**To do**
Only the lines in the entries below from the line with "生魚片不錯 壽司完全不行 魚片很黏 哇沙米太多 蝦手卷普普" to the line with "Royalford Heart Self", both included, belong in the answer, transcribed exactly and without pictures.
┌─ Material for the task
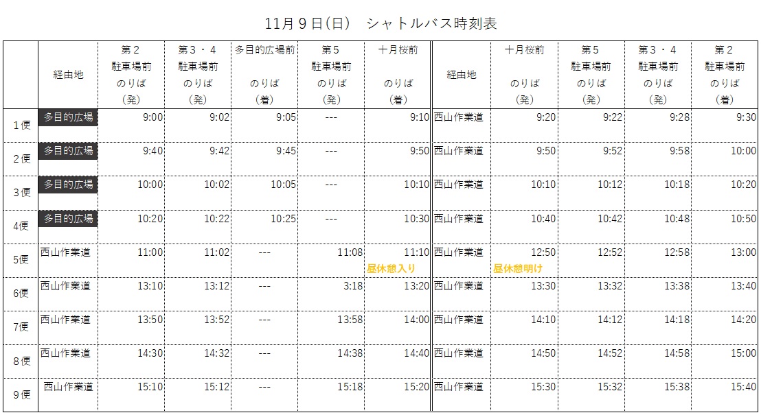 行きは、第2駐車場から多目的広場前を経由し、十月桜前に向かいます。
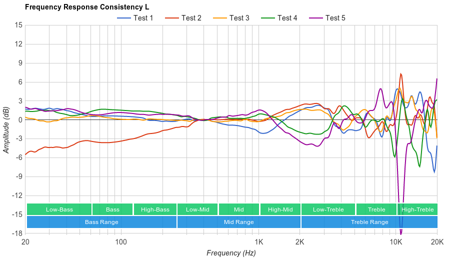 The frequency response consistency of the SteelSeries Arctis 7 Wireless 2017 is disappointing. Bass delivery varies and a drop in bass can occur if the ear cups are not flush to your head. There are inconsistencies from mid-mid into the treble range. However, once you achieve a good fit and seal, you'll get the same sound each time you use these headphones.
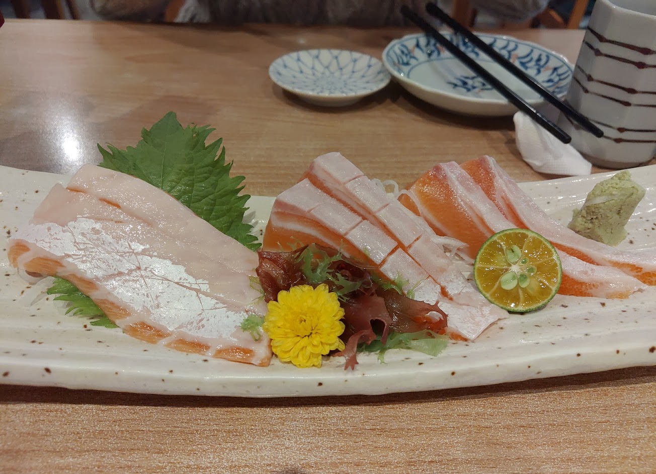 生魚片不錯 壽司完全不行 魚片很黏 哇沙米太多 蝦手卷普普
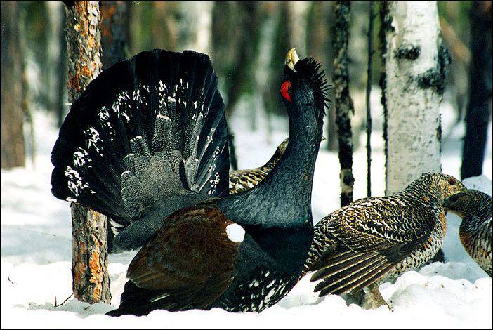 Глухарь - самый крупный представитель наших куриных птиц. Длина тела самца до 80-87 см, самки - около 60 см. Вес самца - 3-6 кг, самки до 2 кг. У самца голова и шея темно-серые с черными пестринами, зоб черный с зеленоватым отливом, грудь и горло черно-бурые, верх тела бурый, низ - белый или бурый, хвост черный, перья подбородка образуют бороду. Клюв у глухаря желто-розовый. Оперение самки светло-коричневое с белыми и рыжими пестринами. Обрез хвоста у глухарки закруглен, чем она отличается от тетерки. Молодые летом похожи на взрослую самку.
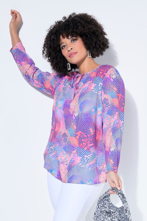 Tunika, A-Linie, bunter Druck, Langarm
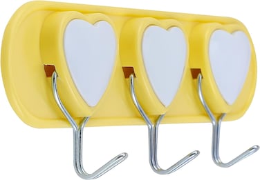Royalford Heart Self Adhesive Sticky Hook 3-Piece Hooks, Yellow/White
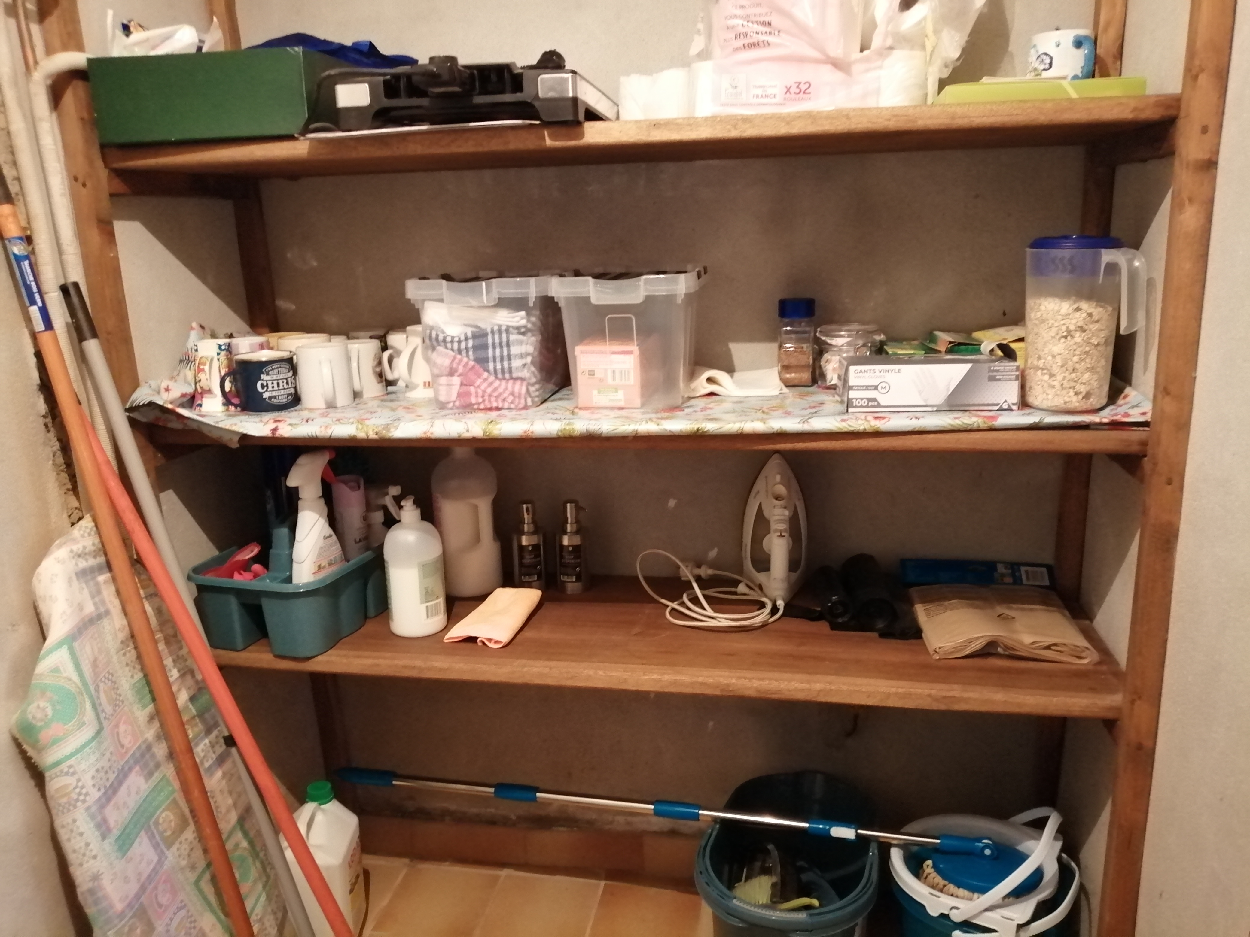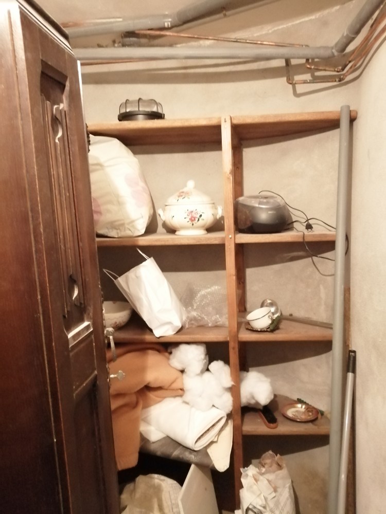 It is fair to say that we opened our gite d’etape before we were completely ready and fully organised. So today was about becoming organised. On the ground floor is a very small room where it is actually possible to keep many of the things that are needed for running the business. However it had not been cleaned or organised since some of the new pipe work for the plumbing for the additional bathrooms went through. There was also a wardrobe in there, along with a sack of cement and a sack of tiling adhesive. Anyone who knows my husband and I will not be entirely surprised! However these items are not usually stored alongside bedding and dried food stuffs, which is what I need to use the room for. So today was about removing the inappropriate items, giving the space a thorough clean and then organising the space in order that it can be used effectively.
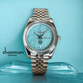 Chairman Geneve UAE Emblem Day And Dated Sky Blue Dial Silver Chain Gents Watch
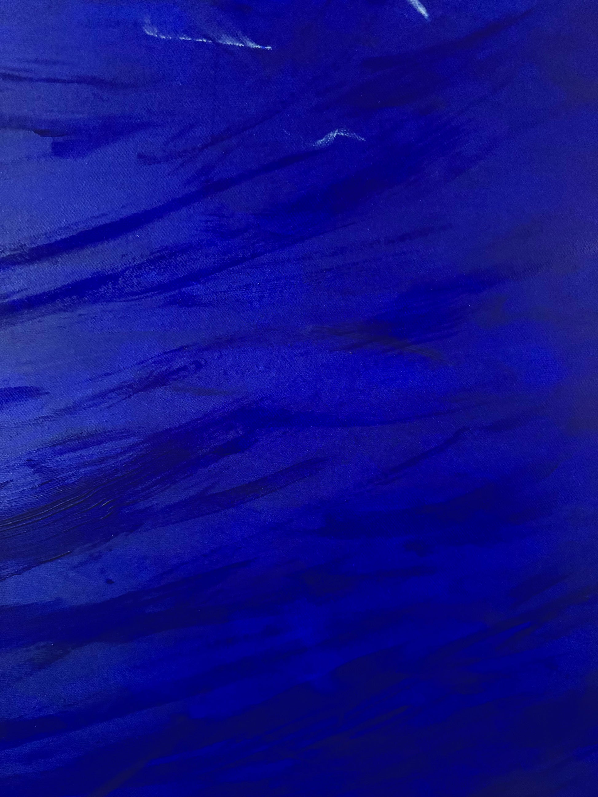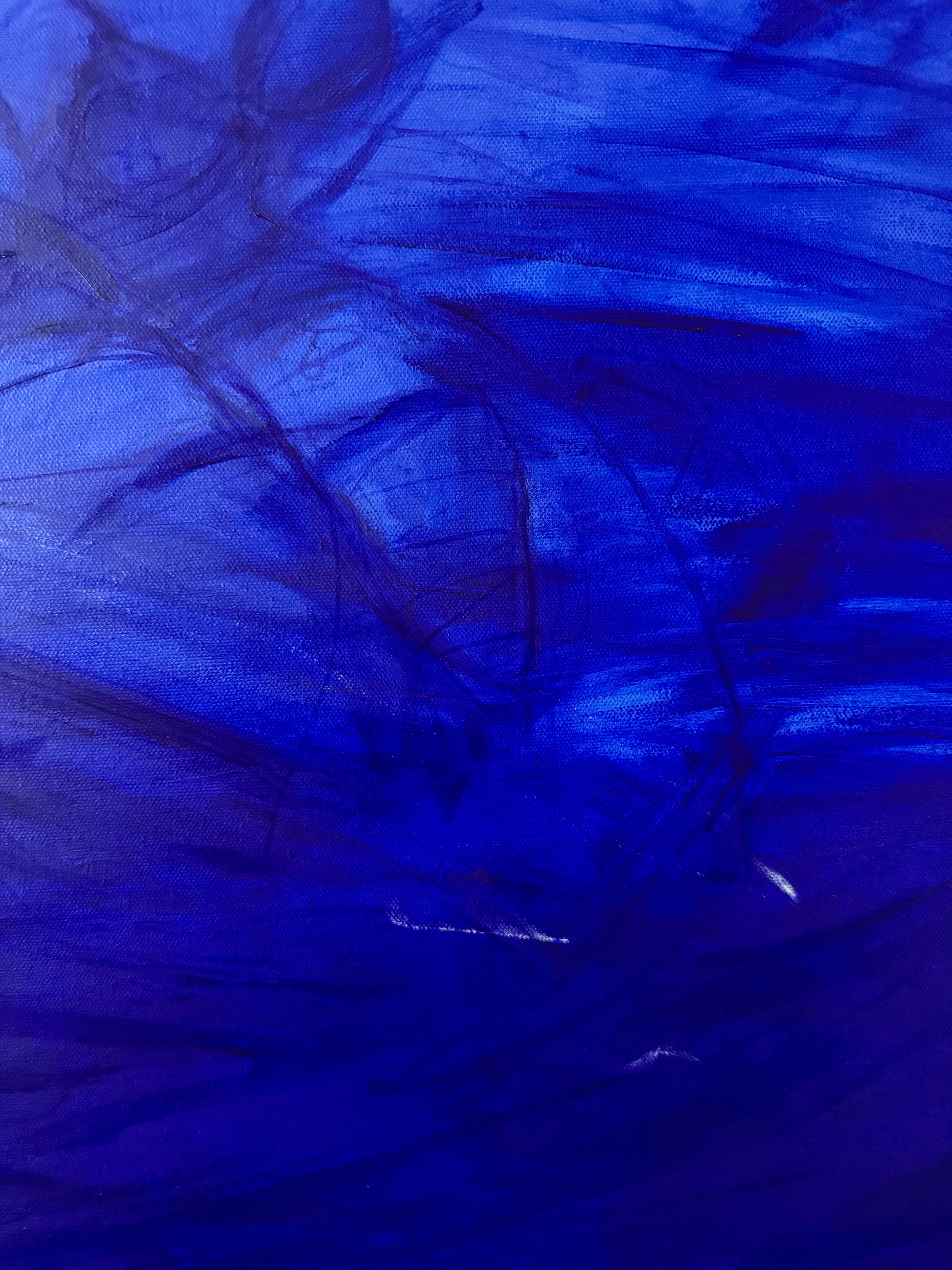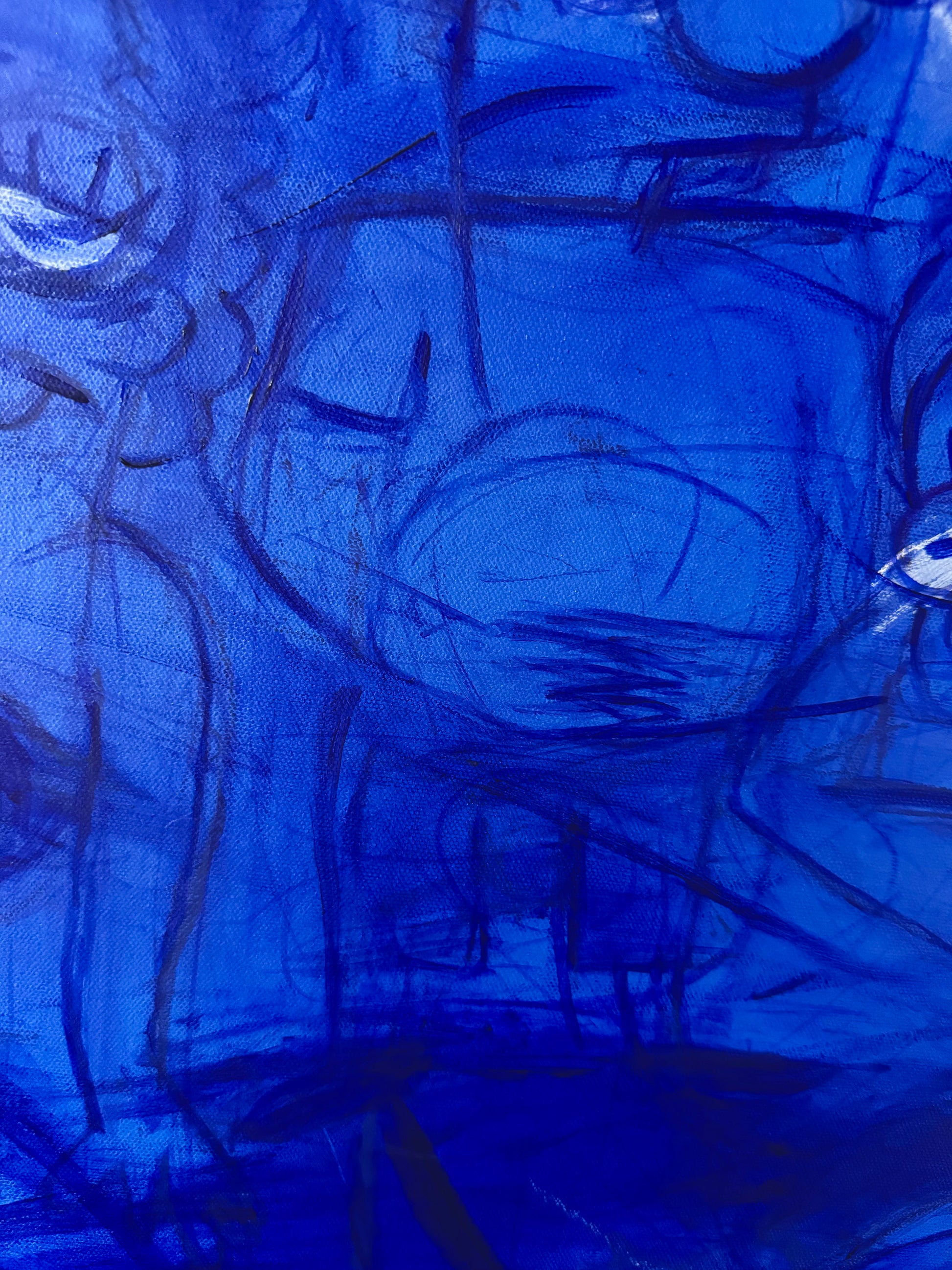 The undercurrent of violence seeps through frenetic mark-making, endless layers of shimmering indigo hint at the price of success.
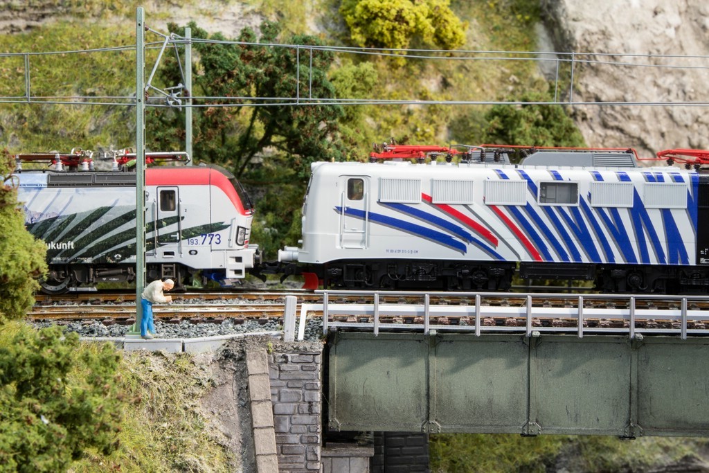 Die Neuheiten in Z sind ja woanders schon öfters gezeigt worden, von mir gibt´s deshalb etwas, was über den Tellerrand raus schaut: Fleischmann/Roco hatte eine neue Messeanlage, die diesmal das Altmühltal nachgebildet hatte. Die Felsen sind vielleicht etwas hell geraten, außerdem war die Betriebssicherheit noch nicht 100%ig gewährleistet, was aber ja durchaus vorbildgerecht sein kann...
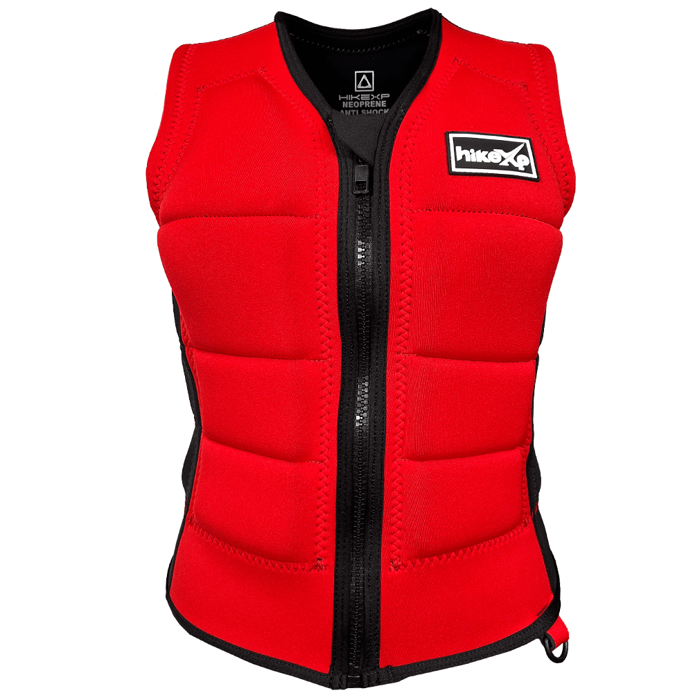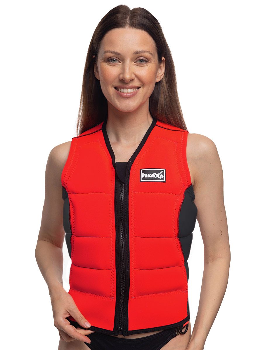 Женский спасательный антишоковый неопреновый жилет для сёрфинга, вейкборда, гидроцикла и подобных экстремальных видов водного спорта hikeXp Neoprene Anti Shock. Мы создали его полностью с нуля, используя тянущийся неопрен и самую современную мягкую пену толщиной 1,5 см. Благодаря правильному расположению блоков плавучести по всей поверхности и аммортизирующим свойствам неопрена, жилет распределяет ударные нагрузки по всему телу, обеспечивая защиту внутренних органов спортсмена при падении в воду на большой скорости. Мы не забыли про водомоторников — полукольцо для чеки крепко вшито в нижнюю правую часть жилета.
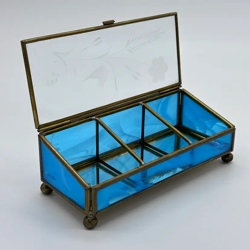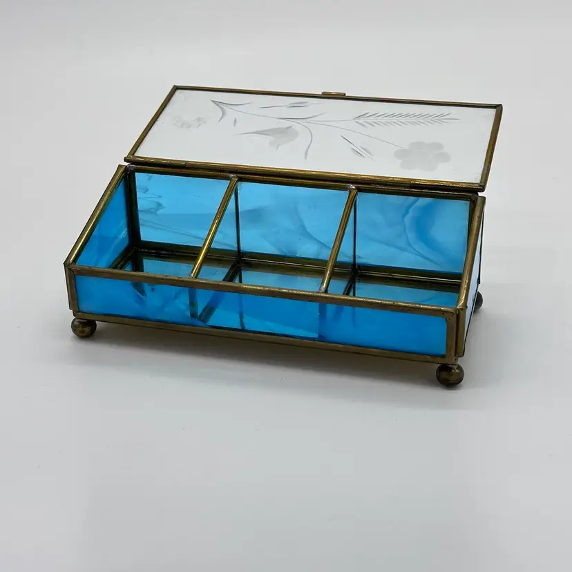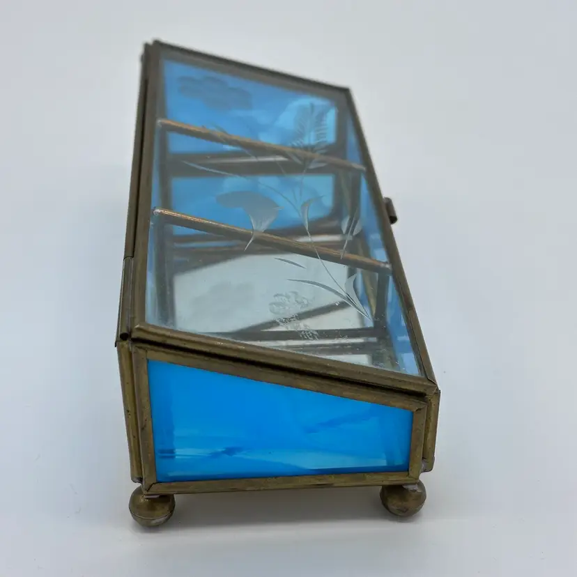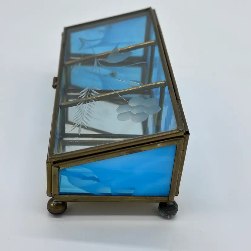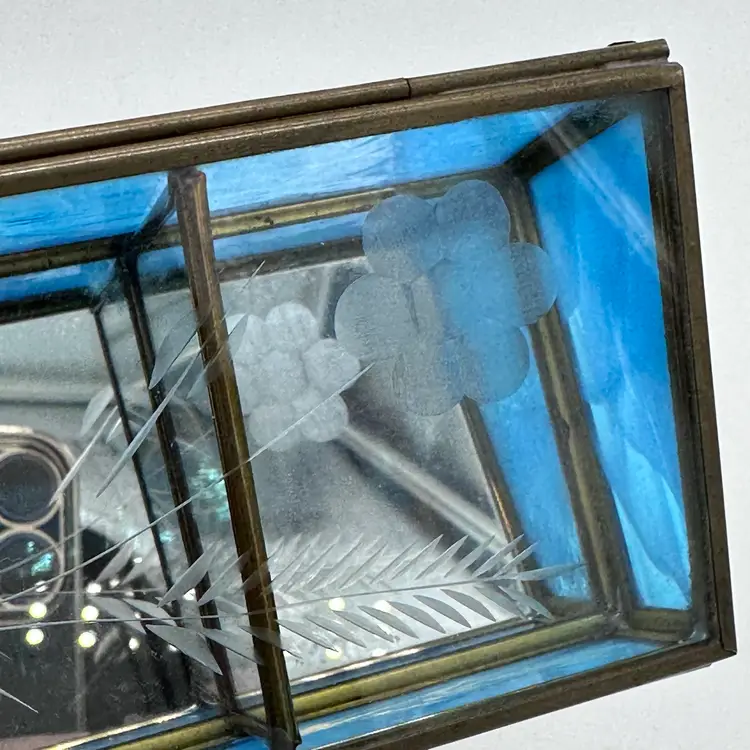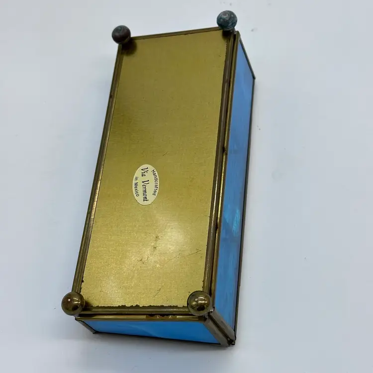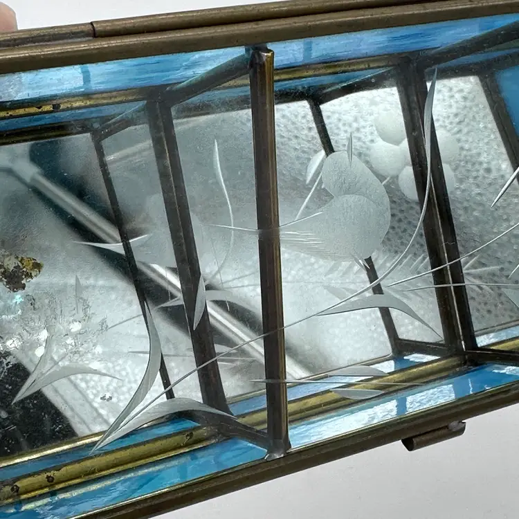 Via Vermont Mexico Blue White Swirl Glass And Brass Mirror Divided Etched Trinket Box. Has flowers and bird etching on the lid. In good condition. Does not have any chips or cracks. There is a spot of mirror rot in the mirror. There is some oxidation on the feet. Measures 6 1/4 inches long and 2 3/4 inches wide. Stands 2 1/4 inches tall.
└─
**Result of this exercise**
 生魚片不錯 壽司完全不行 魚片很黏 哇沙米太多 蝦手卷普普
 Глухарь - самый крупный представитель наших куриных птиц. Длина тела самца до 80-87 см, самки - около 60 см. Вес самца - 3-6 кг, самки до 2 кг. У самца голова и шея темно-серые с черными пестринами, зоб черный с зеленоватым отливом, грудь и горло черно-бурые, верх тела бурый, низ - белый или бурый, хвост черный, перья подбородка образуют бороду. Клюв у глухаря желто-розовый. Оперение самки светло-коричневое с белыми и рыжими пестринами. Обрез хвоста у глухарки закруглен, чем она отличается от тетерки. Молодые летом похожи на взрослую самку.
 Tunika, A-Linie, bunter Druck, Langarm
Royalford Heart Self Adhesive Sticky Hook 3-Piece Hooks, Yellow/White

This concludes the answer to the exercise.